[Python-ideas] unify usage of mutable and immutable objects
Neil Girdhar
mistersheik at gmail.com
Sat Apr 1 01:17:13 EDT 2017
On Tuesday, February 28, 2017 at 6:48:42 PM UTC-5, 语言破碎处 wrote:
>
> > A hypothetical frozenset.pop() is also necessarily O(N). It needs to
> copy N-1 elements into the new (smaller) frozenset object. So this isn't
> an argument.
> Pop tuple/frozenset(standard one) gain no benefit. # O(n)

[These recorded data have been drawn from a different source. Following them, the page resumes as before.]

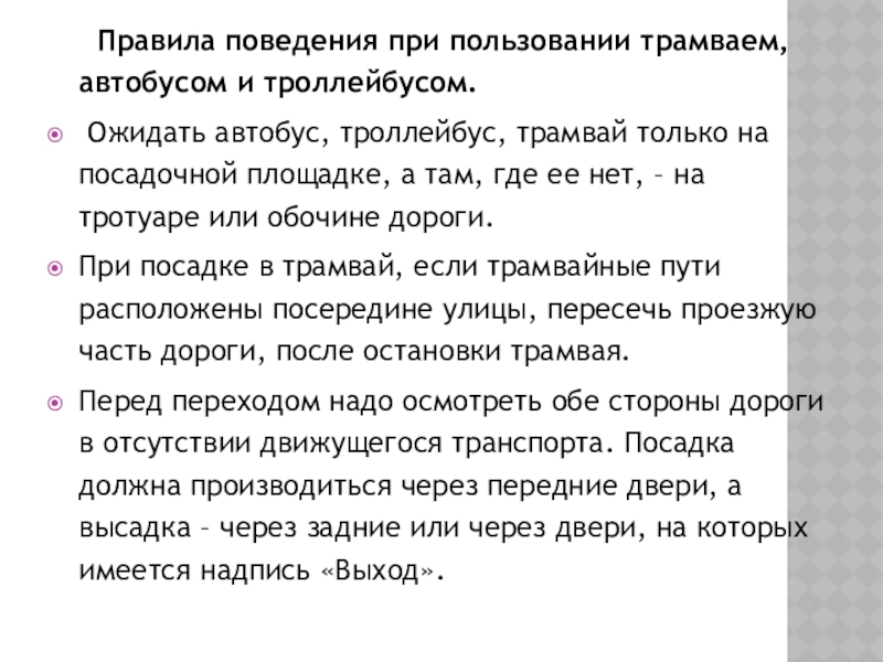 Слайд 6 Правила поведения при пользовании трамваем, автобусом и троллейбусом.
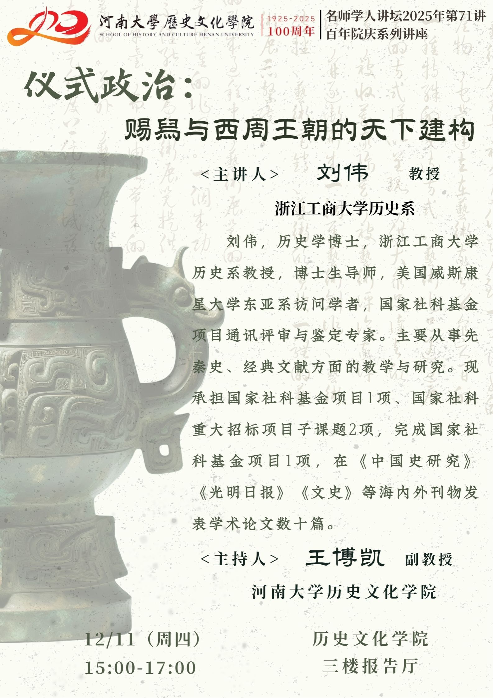 【讲座预告】刘伟:仪式政治 ——赐舄与西周王朝的天下建构
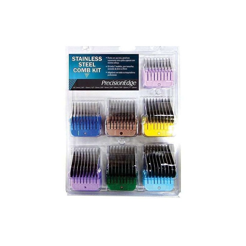 Os novos pentes adaptadores profissionais da PrecisionEdge possuem um encaixe fácil, deslizando facilmente nos pelos e proporcionando um corte macio e preciso.
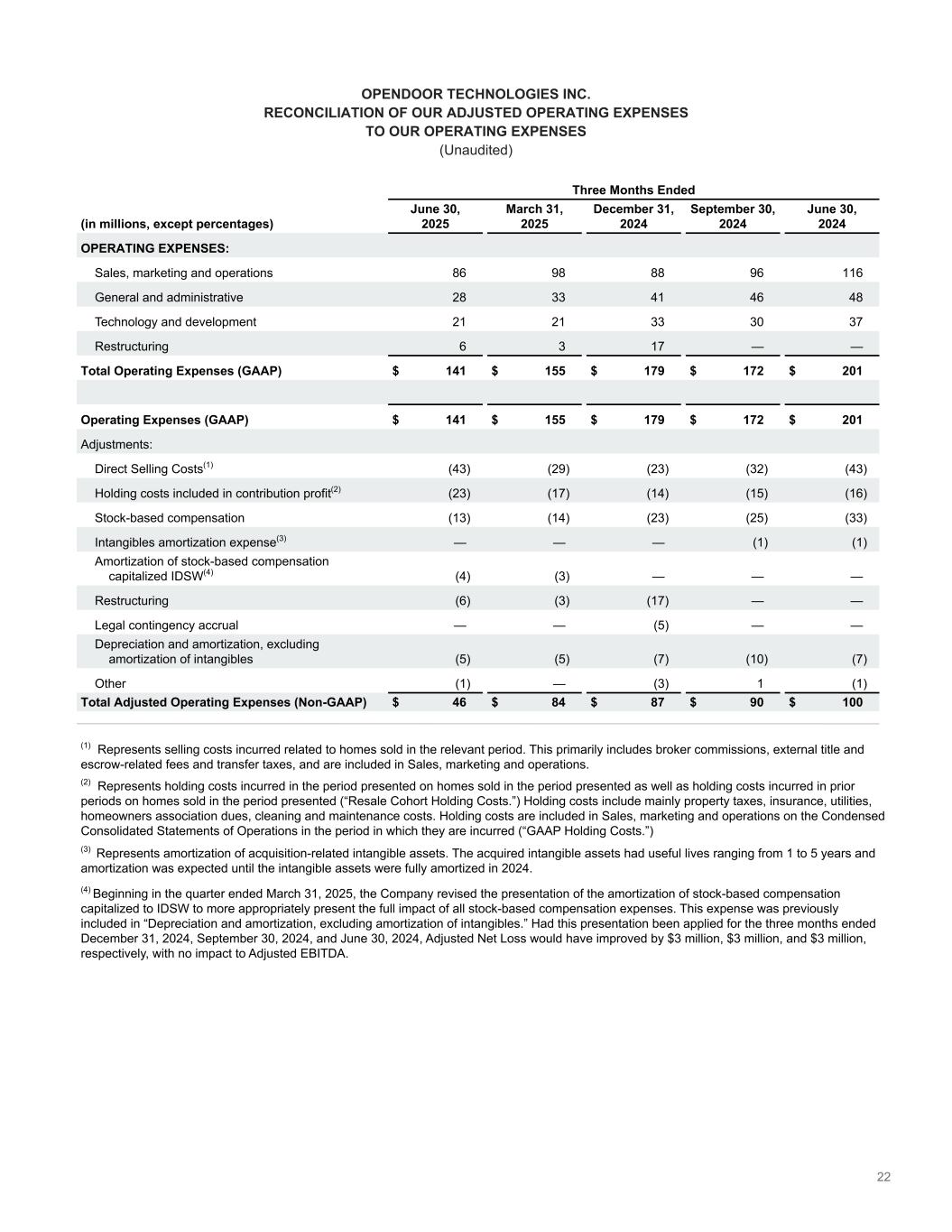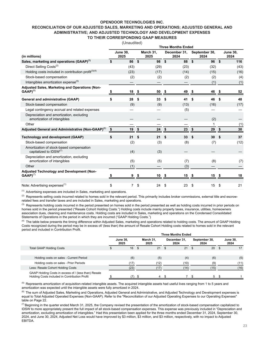 23 OPENDOOR TECHNOLOGIES INC. RECONCILIATION OF OUR ADJUSTED SALES, MARKETING AND OPERATIONS; ADJUSTED GENERAL AND ADMINISTRATIVE; AND ADJUSTED TECHNOLOGY AND DEVELOPMENT EXPENSES TO THEIR CORRESPONDING GAAP MEASURES (Unaudited) Three Months Ended (in millions) June 30, 2025 March 31, 2025 December 31, 2024 September 30, 2024 June 30, 2024 Sales, marketing and operations (GAAP)(1) $ 86 $ 98 $ 88 $ 96 $ 116 Direct Selling Costs(2) (43) (29) (23) (32) (43) Holding costs included in contribution profit(3)(4) (23) (17) (14) (15) (16) Stock-based compensation (2) (2) (2) (2) (4) Intangibles amortization expense(5) — — — (1) (1) Adjusted Sales, Marketing and Operations (Non- GAAP)(6) $ 18 $ 50 $ 49 $ 46 $ 52 General and administrative (GAAP) $ 28 $ 33 $ 41 $ 46 $ 48 Stock-based compensation (9) (9) (13) (16) (17) Legal contingency accrual and related expenses — — (5) — — Depreciation and amortization, excluding amortization of intangibles — — — (2) — Other — — — 1 (1) Adjusted General and Administrative (Non-GAAP)(6) $ 19 $ 24 $ 23 $ 29 $ 30 Technology and development (GAAP) $ 21 $ 21 $ 33 $ 30 $ 37 Stock-based compensation (2) (3) (8) (7) (12) Amortization of stock-based compensation capitalized to IDSW(7) (4) (3) — — — Depreciation and amortization, excluding amortization of intangibles (5) (5) (7) (8) (7) Other (1) — (3) — — Adjusted Technology and Development (Non- GAAP)(7) $ 9 $ 10 $ 15 $ 15 $ 18 Note: Advertising expenses(1) $ 7 $ 24 $ 23 $ 15 $ 21 (1) Advertising expenses are included in Sales, marketing and operations. (2) Represents selling costs incurred related to homes sold in the relevant period. This primarily includes broker commissions, external title and escrow- related fees and transfer taxes and are included in Sales, marketing and operations. (3) Represents holding costs incurred in the period presented on homes sold in the period presented as well as holding costs incurred in prior periods on homes sold in the period presented (“Resale Cohort Holding Costs.”) Holding costs include mainly property taxes, insurance, utilities, homeowners association dues, cleaning and maintenance costs. Holding costs are included in Sales, marketing and operations on the Condensed Consolidated Statements of Operations in the period in which they are incurred (“GAAP Holding Costs.”) (4) The table below presents the timing difference within Adjusted Sales, marketing and operations related to holding costs. The amount of GAAP Holding Costs recognized during the period may be in excess of/ (less than) the amount of Resale Cohort Holding costs related to homes sold in the relevant period and included in Contribution Profit. Three Months Ended June 30, 2025 March 31, 2025 December 31, 2024 September 30, 2024 June 30, 2024 Total GAAP Holding Costs $ 16 $ 21 $ 21 $ 20 $ 17 Holding costs on sales - Current Period (6) (5) (4) (6) (5) Holding costs on sales - Prior Periods (17) (12) (10) (9) (11) Less: Resale Cohort Holding Costs (23) (17) (14) (15) (16) GAAP Holding Costs in excess of / (less than) Resale Holding Costs included in Contribution Profit $ (7) $ 4 $ 7 $ 5 $ 1 (5) Represents amortization of acquisition-related intangible assets. The acquired intangible assets had useful lives ranging from 1 to 5 years and amortization was expected until the intangible assets were fully amortized in 2024. (6) The sum of Adjusted Sales, Marketing and Operations, Adjusted General and Administrative, and Adjusted Technology and Development expenses is equal to Total Adjusted Operated Expenses (Non-GAAP). Refer to the "Reconciliation of our Adjusted Operating Expenses to our Operating Expenses" table on Page 22. (7) Beginning in the quarter ended March 31, 2025, the Company revised the presentation of the amortization of stock-based compensation capitalized to IDSW to more appropriately present the full impact of all stock-based compensation expenses. This expense was previously included in “Depreciation and amortization, excluding amortization of intangibles.” Had this presentation been applied for the three months ended December 31, 2024, September 30, 2024, and June 30, 2024, Adjusted Net Loss would have improved by $3 million, $3 million, and $3 million, respectively, with no impact to Adjusted EBITDA.
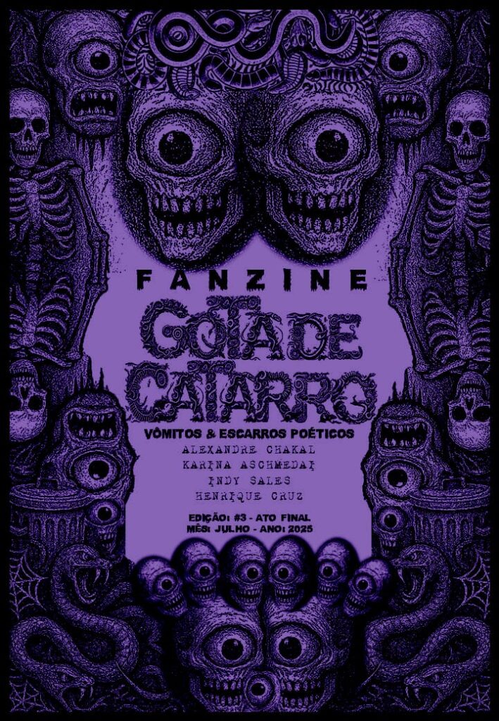Chegamos ao encerramento da trilogia do Fanzine Gota de Catarro, e, desta vez, agregamos dois convidados: Henrique Cruz, editor da Folha Subterrânea, de São Luís, Maranhão, e a escritora e poetisa Indy Sales, de Ouro Preto, Minas Gerais.
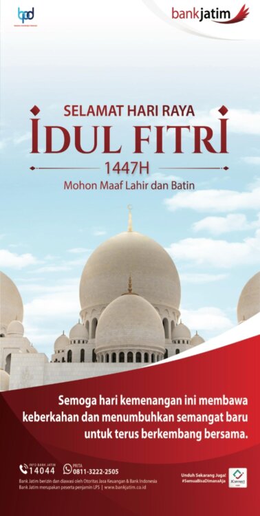 Bank JaTim Pacitan Mengucapkan Selamat Idul Fitri 1447 H Maret 13, 2026oleh adminoleh admin Jangan Lewatkan5 Program Baru Dinas Kesehatan Pacitan.TNI, POLRI, SATPOL PP, DISHUB, BPBD Pacitan Kawal Rontek Gugah Sahur.Kapolres Undang Wartawan Dan Yatim Piatu Buka Bersama.Zakat Bersama NU – CARE LAZISNU PCNU Pacitan.Buka Bersama Kodim 0801 Pacitan Dengan LSM Dan Wartawan.
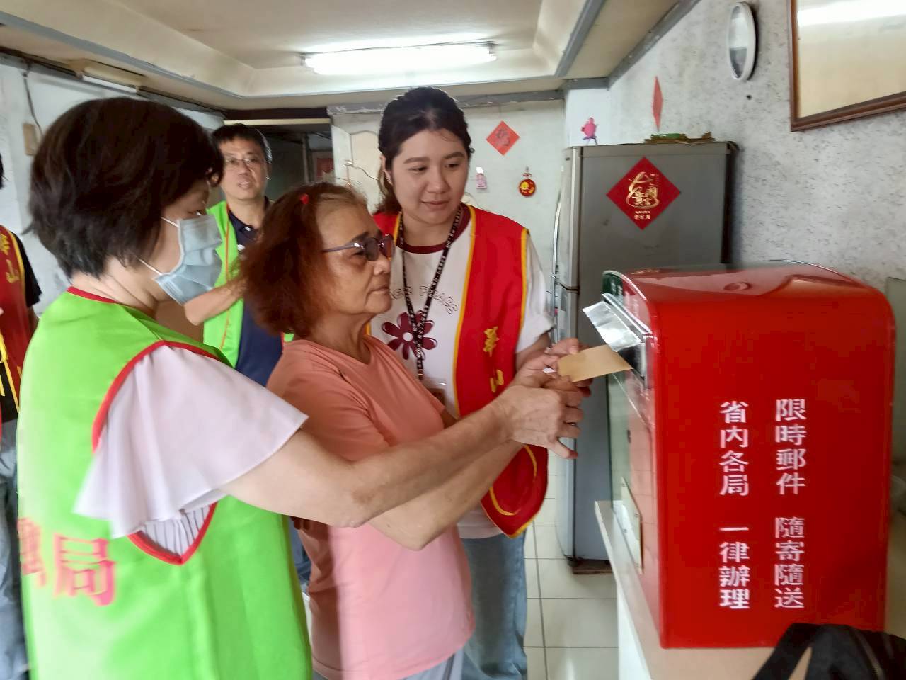 70歲的張阿嬤經濟拮据,生活仰賴政府補助,與身障前夫相依為命。多年前痛失愛子後,一直沉浸在悲傷中;一個月前又因心肌梗塞緊急送醫,裝上心臟支架,生活更加困難。華山站長與義工平日定期到宅關懷,提供物資與陪伴,協助她走過孤單。高雄郵局蔡碧惠副科長得知阿嬤的狀況後,號召同仁於中秋節前夕送關懷禮到阿嬤家,希望能帶給她溫暖與力量。本日蔡副科長特別準備一座郵筒,陪伴阿嬤將對兒子的思念化為文字,親手投遞,象徵將這份心意寄送至天際,為她帶來心靈慰藉。

> It is a different story for balanced tree. # O(log n)
>
> > Sounds like `collections.deque` might be what you want (for concurrency,
> not for immutability). But a local copy will require, by definition, a
> *copy* operation either way.
> My intent is to unify "SET" interface, not for to using deque.
> I want something that is SET can use anywhere regardless mutable or
> not.
> And the idiom SHOULD work for other type.
>
> WHY set.add / list.sort return None?
> if return self, someone may think it don't modify the orignal object.
> so, mutable object will have different methods.
> Such differences are good UNLESS we want to ignore it explictly.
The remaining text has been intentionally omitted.